Forest Kingfisher at Lake Broadwater

Post by Rod Hobson » Sat Sep 04, 2010 8:52 am


Last Tuesday (August 31st.) I travelled out to Lake Broadwater Conservation Park near Dalby SEQ to establish some waterbird/wader survey and monitoring plots for some upcoming and ongoing work on these birds there. I was accompanied by local Dalby birder and friend Malcolm Wilson on the day. During the course of the morning Malcolm mentioned that he'd seen a Forest Kingfisher there on the previous weekend. I was intrigued by this very western record for this bird but didn't doubt Malcolm's identification knowing full well of his birding skills.

At around midday we were having lunch in the Lake Broadwater Natural History Association's buiding when we were very fortunate in seeing this bird 'on the very same branch' where Malcolm had originally found the animal last weekend. We spent several hours in this area after lunch during which the Forest Kingfisher was regularly seen. I was very happy with this find, as I've never seen this bird west of Toowoomba before. Malcolm, who has regularly birdwatched Lake Broadwater for many, many years said that this was only his second record of this bird for the lake.

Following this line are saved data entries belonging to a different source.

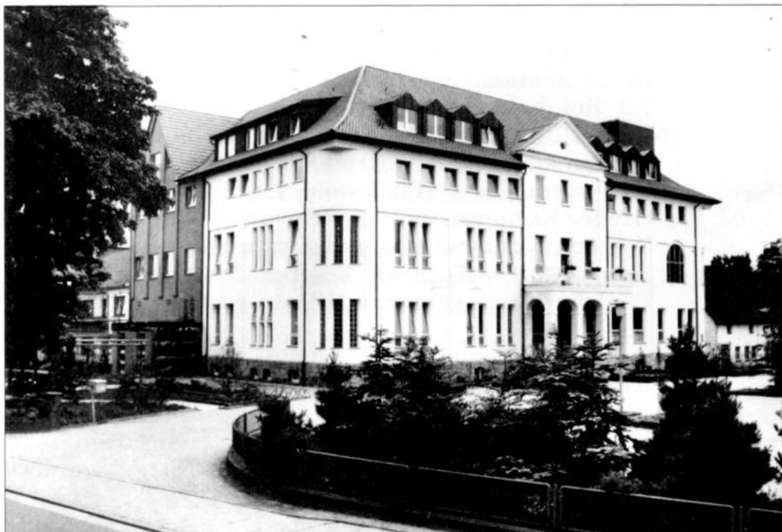
St. Elisabeth-Stift, Lastrup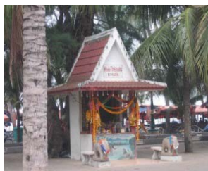
ภาพที่ 16 ศาลเจ้าพ่อแสน จังหวัดชลบุรี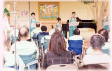
歌やダンスをみんなで一緒に

5月12日は看護の創設者であるナイチンゲール女史の生誕日です。この日を記念して、平成3年に「看護の日」が制定されました。看護部では、今年5月15日に「広げよう思いやりの『わ』癒そうあなたの心と身体」をテーマに看護週間行事を開催しました。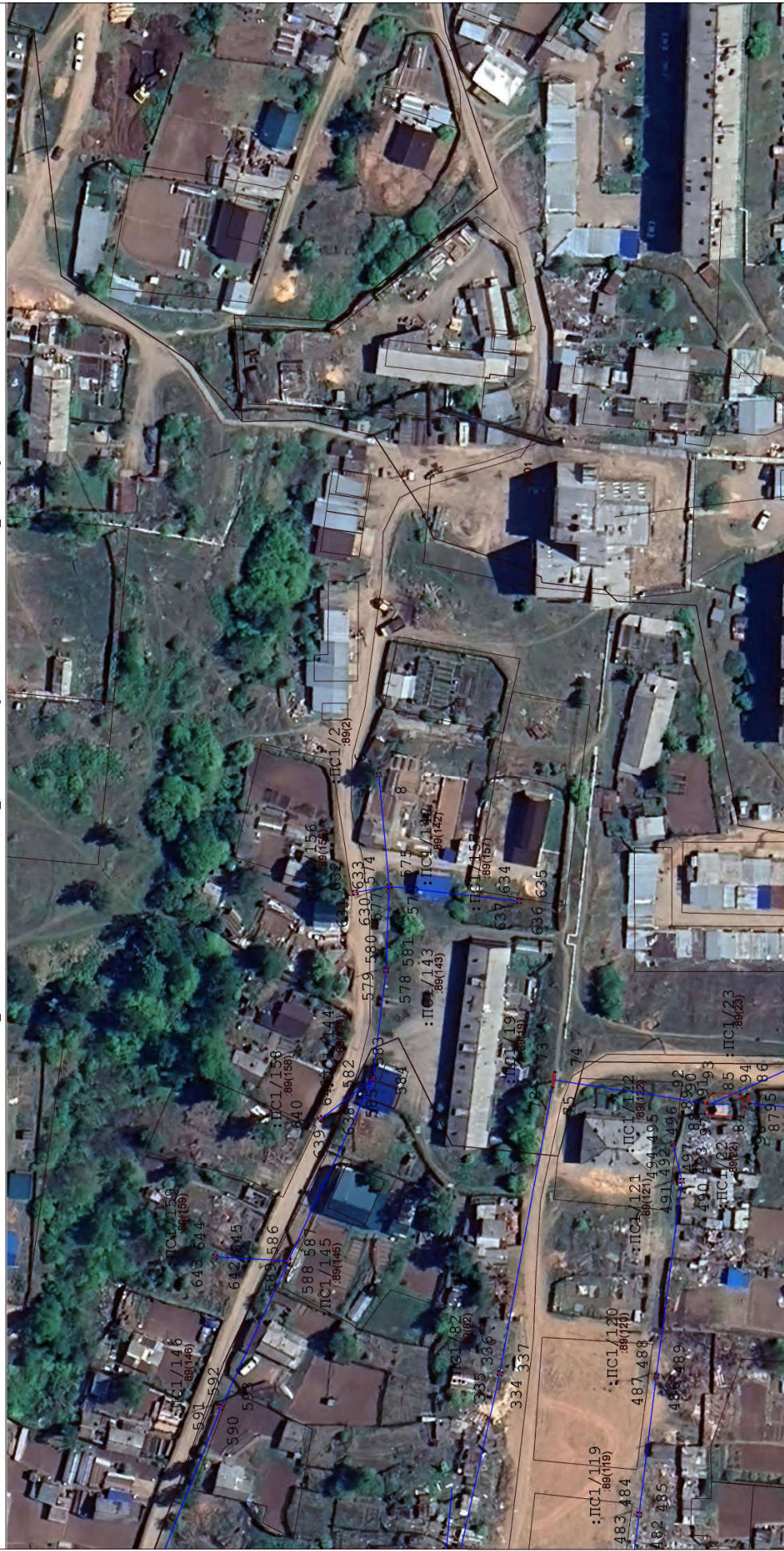
Масштаб: 1 : 1050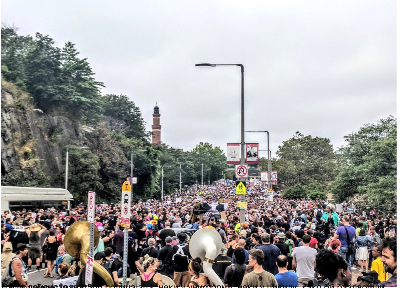
Напољу дејство је ажабо полицајаца, неки у униформи, неки у цивилу, како би раздвојили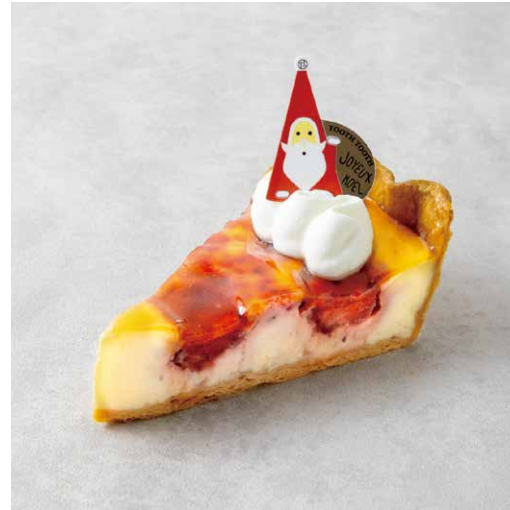
Chaperon Noël シャペロン・ノエル

香ばしいシュクレタルト生地と アーモンドクリームに 甘酸っぱいいちごをたっぷりと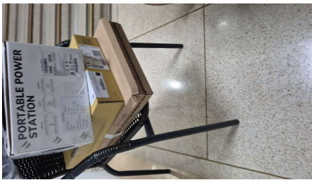
ESTADO STARLINK MINI-19/03/2026-22:07:23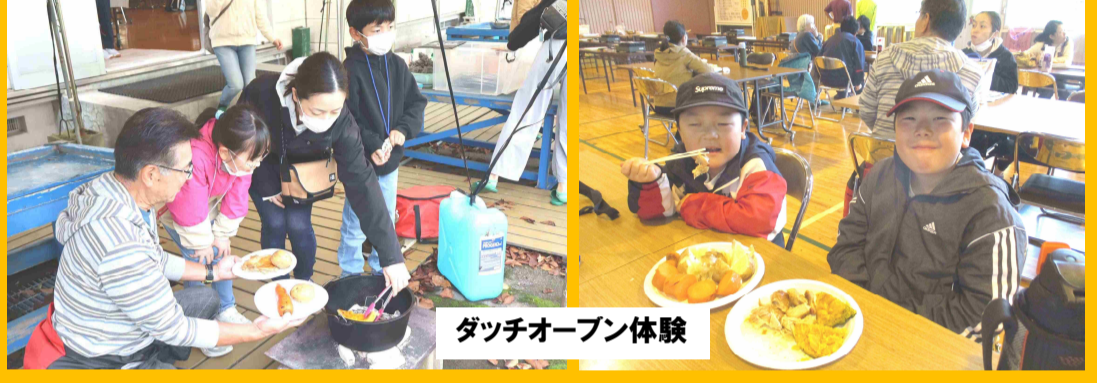
ダッチオープン体験

食 「食」ブースは3種類の体験を行いました。「ダッチオープン体験」では、皮がパリッとおいしい「鶏モモと野菜のロースト」を。「スキレット体験」では甘い匂いに食欲を刺激されながら「スキレットバナナケーキ」を家族で一緒に楽しく焼いて作りました。種差少年自然の家の協力のもと「南部せんべい焼」にも挑戦しました。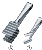
18-10 アスパラガストング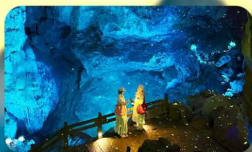
ถ้ำหลุย้อ

I was also pleased to find about five or six of the carnivorous plant Drosera indica flourishing on the mud shores of the lake near to where we found the Forest Kingfisher. All of these plants were about to flower. Drosera indica is one of three sundew species known from Lake Broadwater Conservation Park. Drosera burmanni and Drosera auriculata are the others. Great little plants.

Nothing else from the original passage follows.